И повел нас в комнату, где было множество полок из неоструганного дерева. Нам раздали костюмы: разноцветные блестящие скафандры и шаровидные пластмассовые шлемы. Даже младенец бы догадался, что мы будем изображать космонавтов. Костюмы были сшиты на живую нитку и кое у кого тут же распоролись пониже спины или в шагу. Но у меня и одного толстого мальчика в очках скафандры оказались прочными, и другие ребята стали уговаривать нас поменяться. Однако Щербатый не разрешил. У каждого свой скафандр, заявил он, и так уж и останется до конца. Потом Щербатый в общих чертах рассказал содержание фильма. Я буду плохим мальчиком, а очкарик — паинькой. Добрая волшебница (недовольная блондинка, которую все называли Хозяйкой) забирает нас в межпланетное путешествие. Вроде бы целый класс. Почему забирает и зачем, неважно, по производственному плану это будет сниматься в самом конце. Итак, я буду нелюдимым всезнайкой, брюзгой и спорщиком, презирающим ровесников, — короче, антиобщественным элементом, потому меня и нарядили в черный скафандр. А очкарик будет на каждом шагу меня окорачивать, исправлять все, что я испорчу, и в конце концов сам возглавит экспедицию и доведет ее до благополучного завершения. Очкарик, которого, как выяснилось, звали Дорианом (долго же его предкам пришлось рыться в календарях), так вот, этот толстый Дориан ужасно развоображался, покраснел, как бурак, и то и дело поправлял Щербатого, видно немного перевиравшего сюжет.

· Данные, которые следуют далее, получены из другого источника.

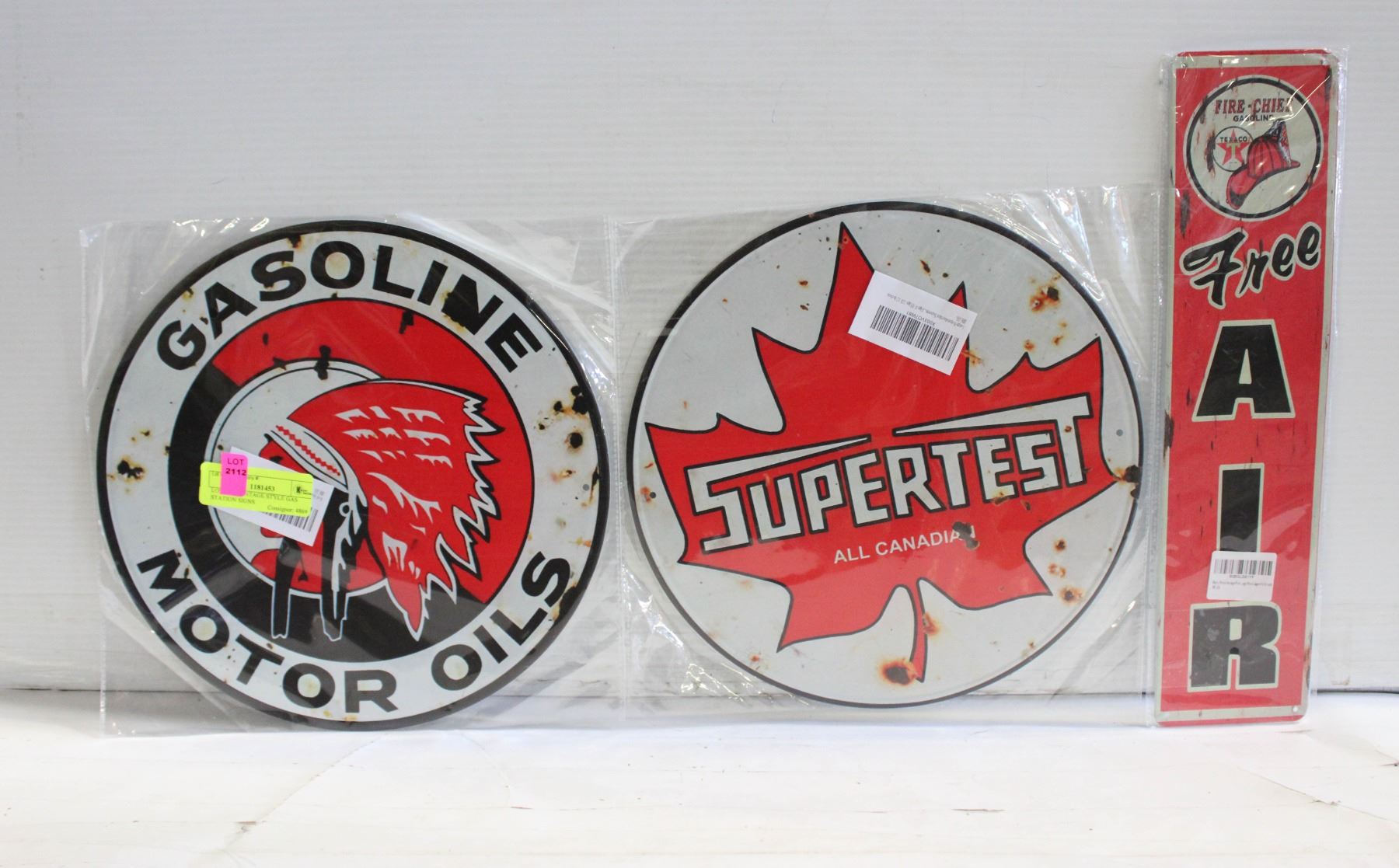 BRAND NEW, CIRCULAR SIGNS ARE 12 INCHES ACROSS, AIR SIGN IS 15.5 INCHES HIGH AND 3.75 INCHES WIDE
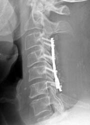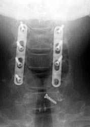 hospital. Note migration of left C6 screw. It has loosened and fallen out. This
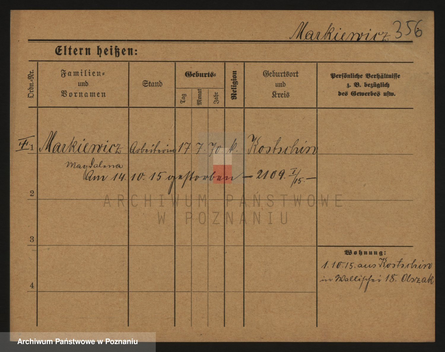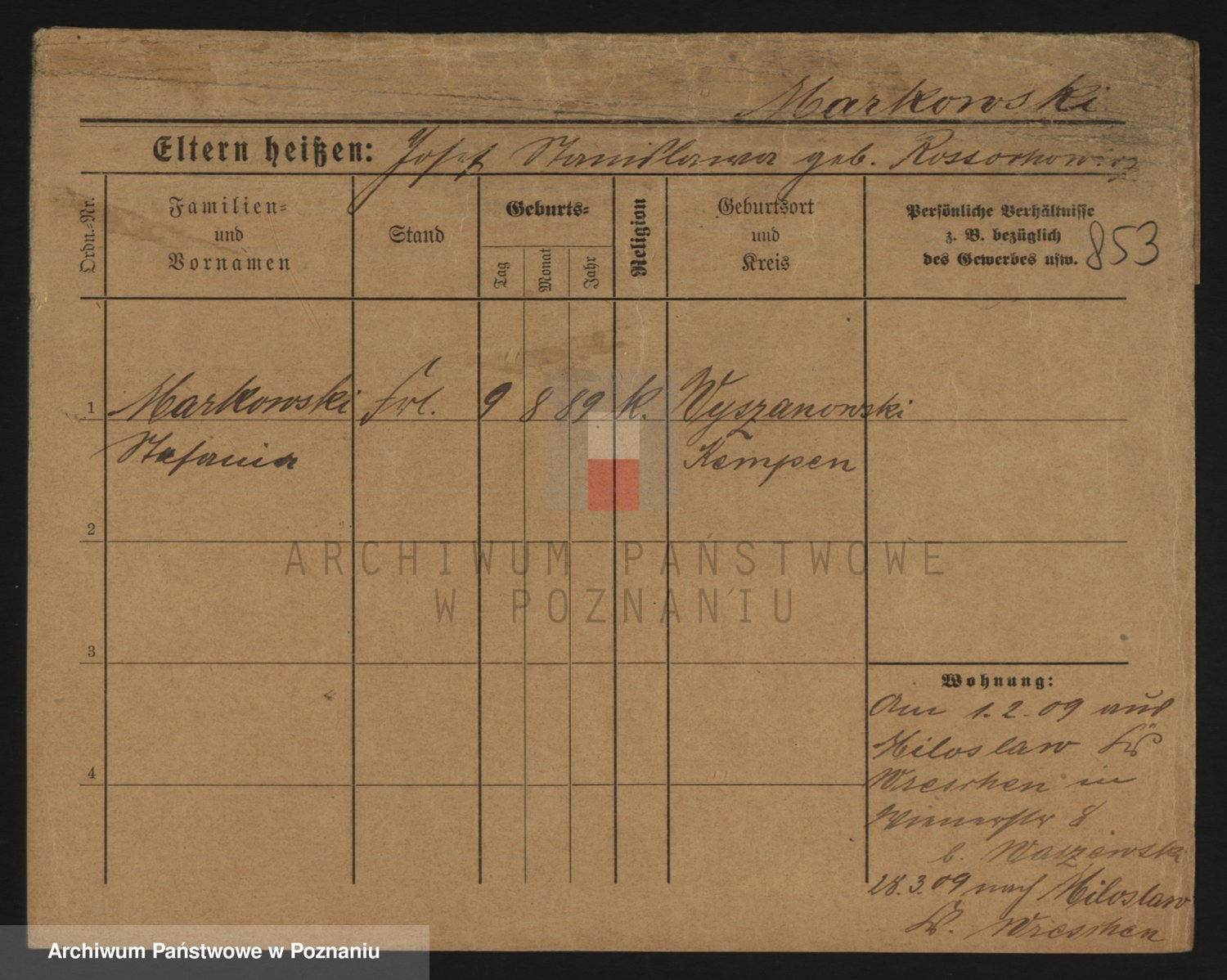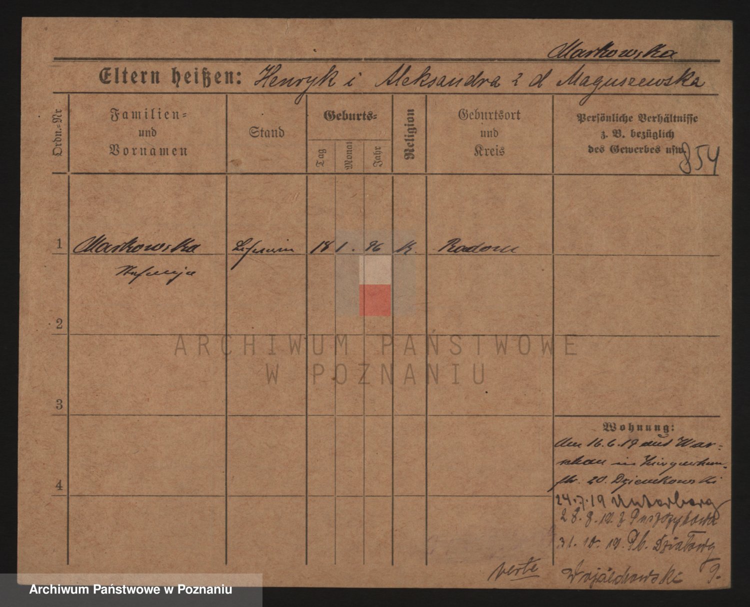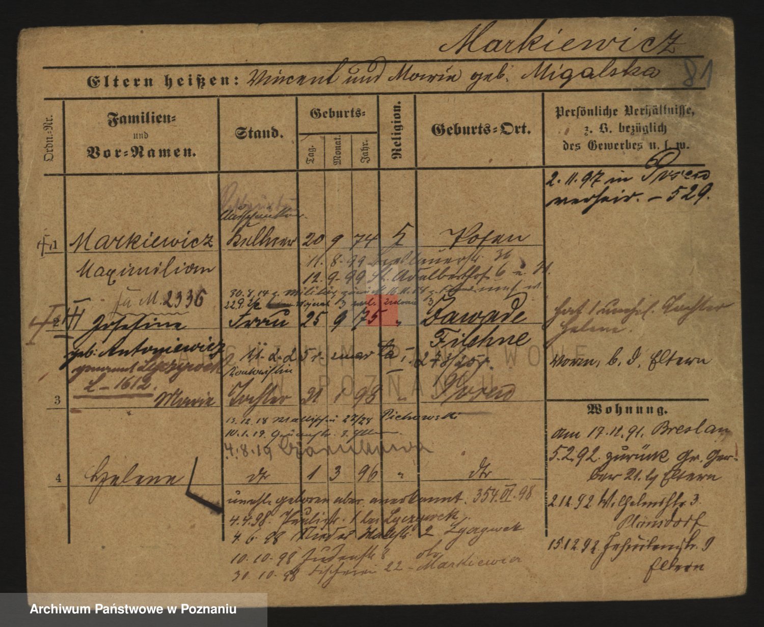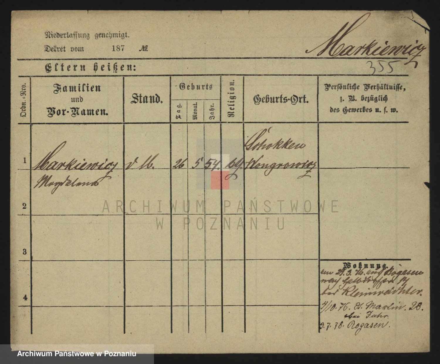 Markiewicz zd. Kopinska Iv. Schmidt IIv. Lonc, Magdalene
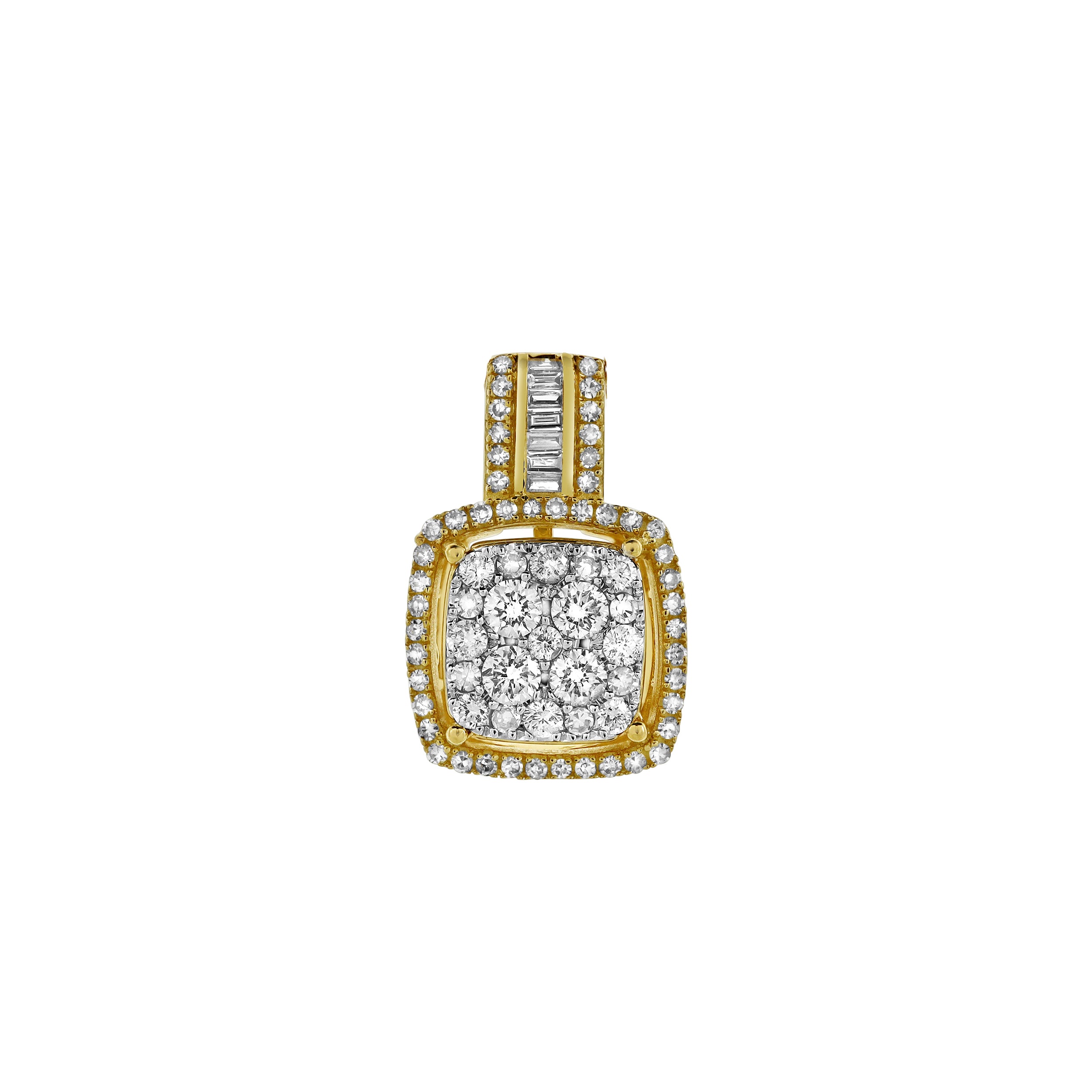 A luxurious cushion shaped 10K gold pendant with 0.63 cts of diamonds blends classic elegance with contemporary brilliance. *Pendant only. Chain not included*
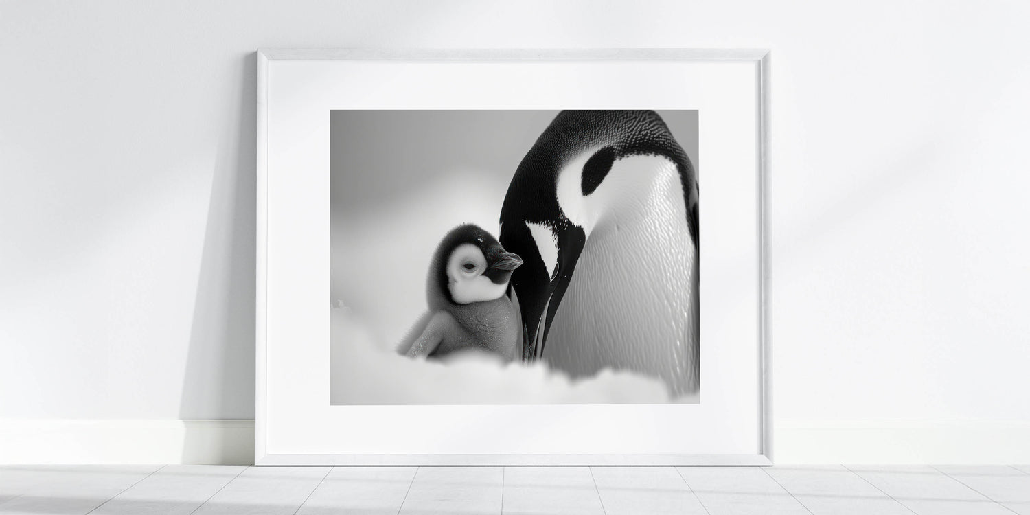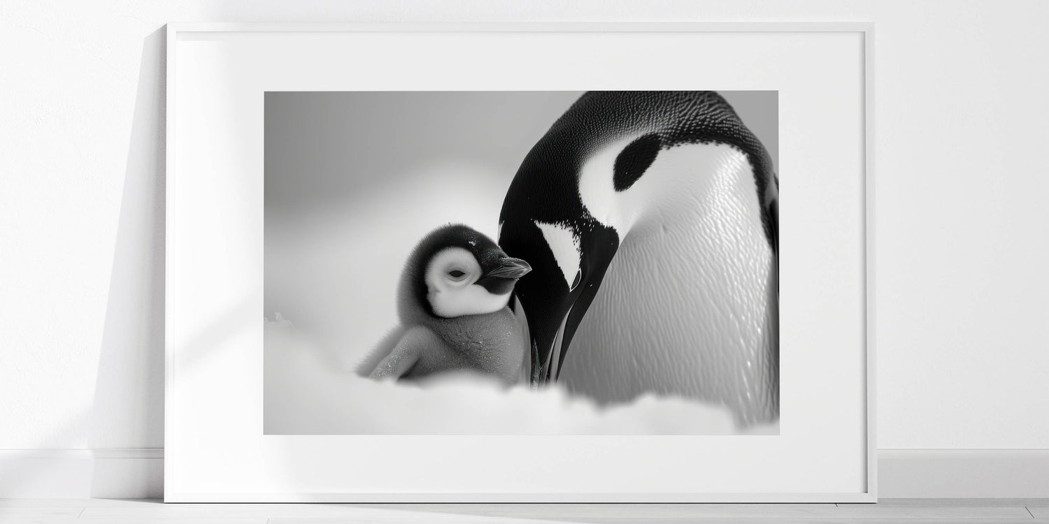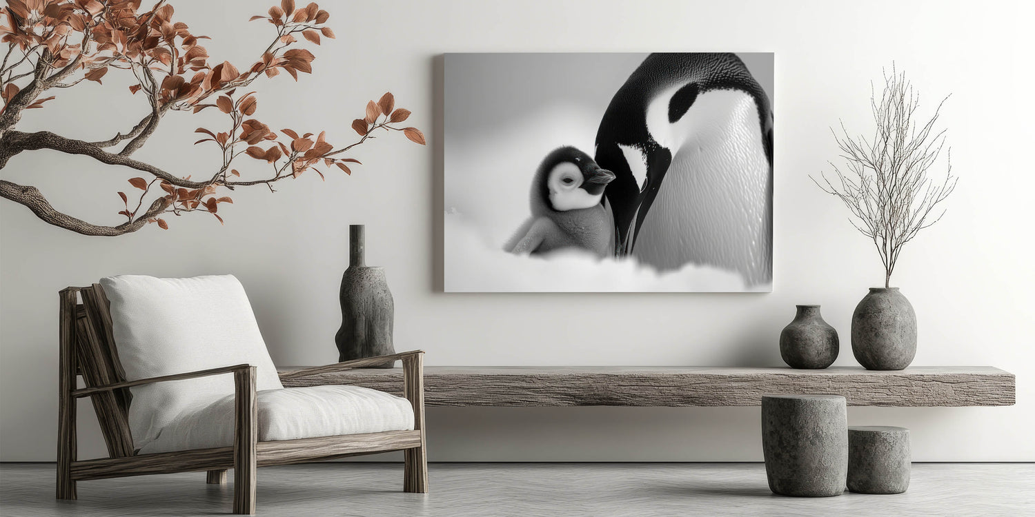 Embrace the serene elegance of the Arctic with this stunning black and white penguin wall art. This captivating piece showcases a tender moment between an adult penguin and its chick, beautifully captured in a monochromatic palette. The subtle shades of black, white, and gray make this artwork a perfect addition to any modern or minimalist decor.
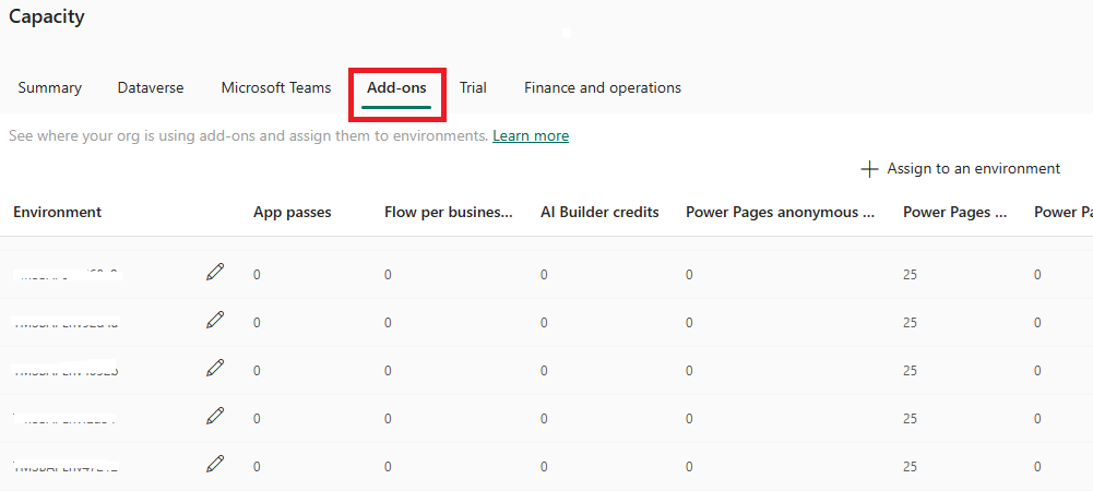 Като администратор трябва да разпределите Power Apps планове за приложения в центъра за администриране Power Platform . След като плановете за приложение са разпределени към среда, те се присвояват, когато приложенията се споделят с потребители в средата.
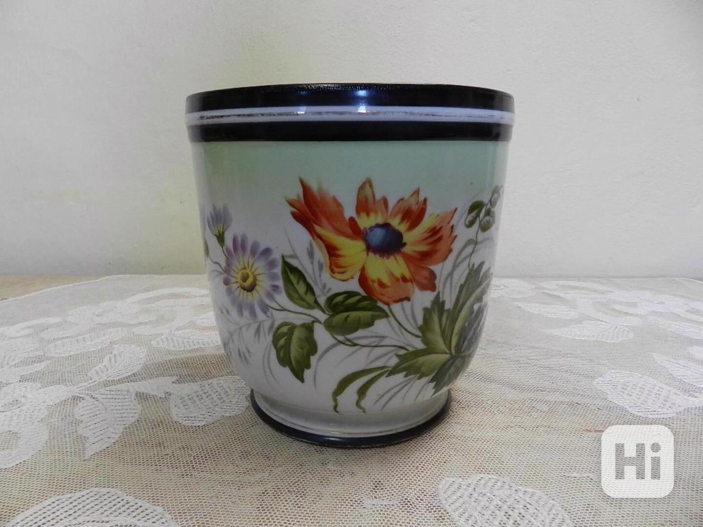 Hezký ručně malovaný Květináč, Květiny - značení jsem nenašel, pravděpodobně Čechy, konec 19 stol.
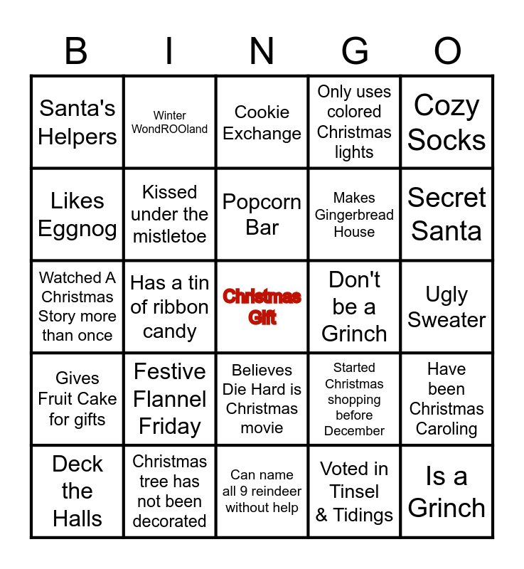 This bingo card has a free space and 24 words: Deck the Halls, Festive Flannel Friday, Popcorn Bar, Voted in Tinsel & Tidings, Cozy Socks, Santa's Helpers, Winter WondROOland, Cookie Exchange, Don't be a Grinch, Ugly Sweater, Watched A Christmas Story more than once, Kissed under the mistletoe, Started Christmas shopping before December, Have been Christmas Caroling, Likes Eggnog, Christmas tree has not been decorated, Can name all 9 reindeer without help, Only uses colored Christmas lights, Secret Santa, Gives Fruit Cake for gifts, Has a tin of ribbon candy, Believes Die Hard is Christmas movie, Makes Gingerbread House and Is a Grinch.
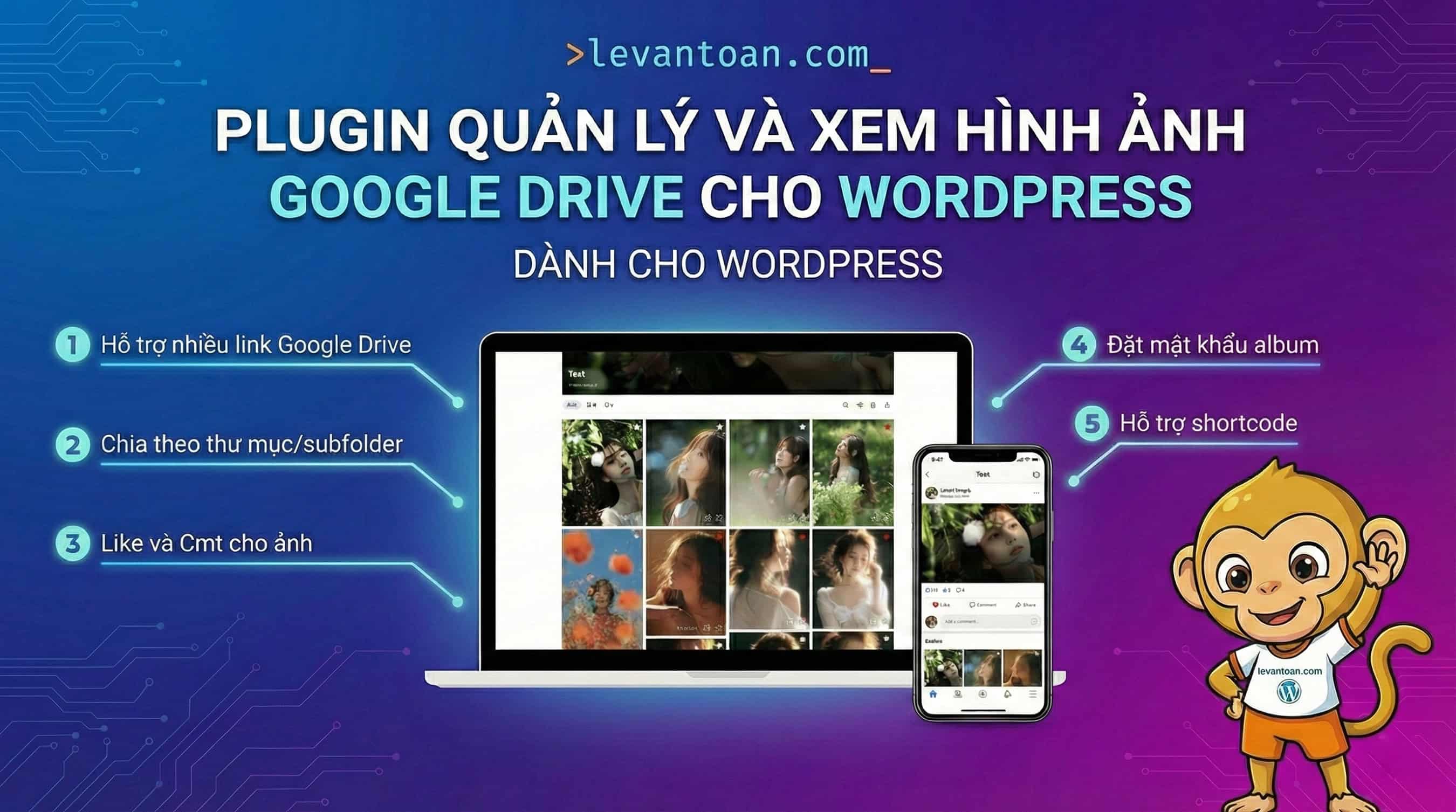 Plugin Cho phép quản lý/hiển thị hình ảnh từ thư mục Google Drive được chia sẻ công khai lên website. Ngoài ra cho phép khách hàng chọn ảnh yêu thích, để lại ghi chú và tải xuống ảnh gốc từ Google Drive
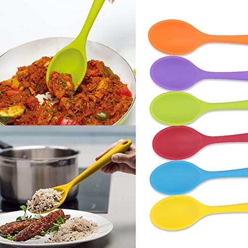 Geluode Cucchiaio in Silicone da 6 Pezzi, Cucchiaio da Cucina Antiaderente, Set di Utensili da Cucina in Silicone Resistente al Calore per mescolare la Cottura

— Не беда, — отвечал Щербатый. — Все равно смонтируем по-другому.
— Нельзя, — кипятился Дориан. — Так в книжке. Все ее читали и помнят.
Потом нас загнали в большой автобус. Я сел на свободное кресло и от нечего делать стал наблюдать за Дорианом, который жутко выпендривался. Он без конца пересаживался с места на место, все трогал, всюду совался, отыскал где-то запыленный микрофон и принялся изображать гида заграничной экскурсии. Водителю автобуса это явно не нравилось, но почему-то он терпеливо сносил все выходки Дориана, который до того раздухарился, что приставил к его затылку пальцы, изображая то ли рога, то ли ослиные уши. Все ребята с завистью наблюдали за очкариком: ясно было, что он раз и навсегда утвердился в роли милого проказника.
Правда, ему немного мешала Дака, та малышка, которую сопровождала мама со злобным лицом. Дака тоже все время лазила по автобусу, притом очень ловко, умудряясь не падать на поворотах. За ней бегал пестрый котенок, которого звали Пузыриком. Его хозяин, чертовски важный пожилой господин, ни на секунду не спускал со своего питомца глаз.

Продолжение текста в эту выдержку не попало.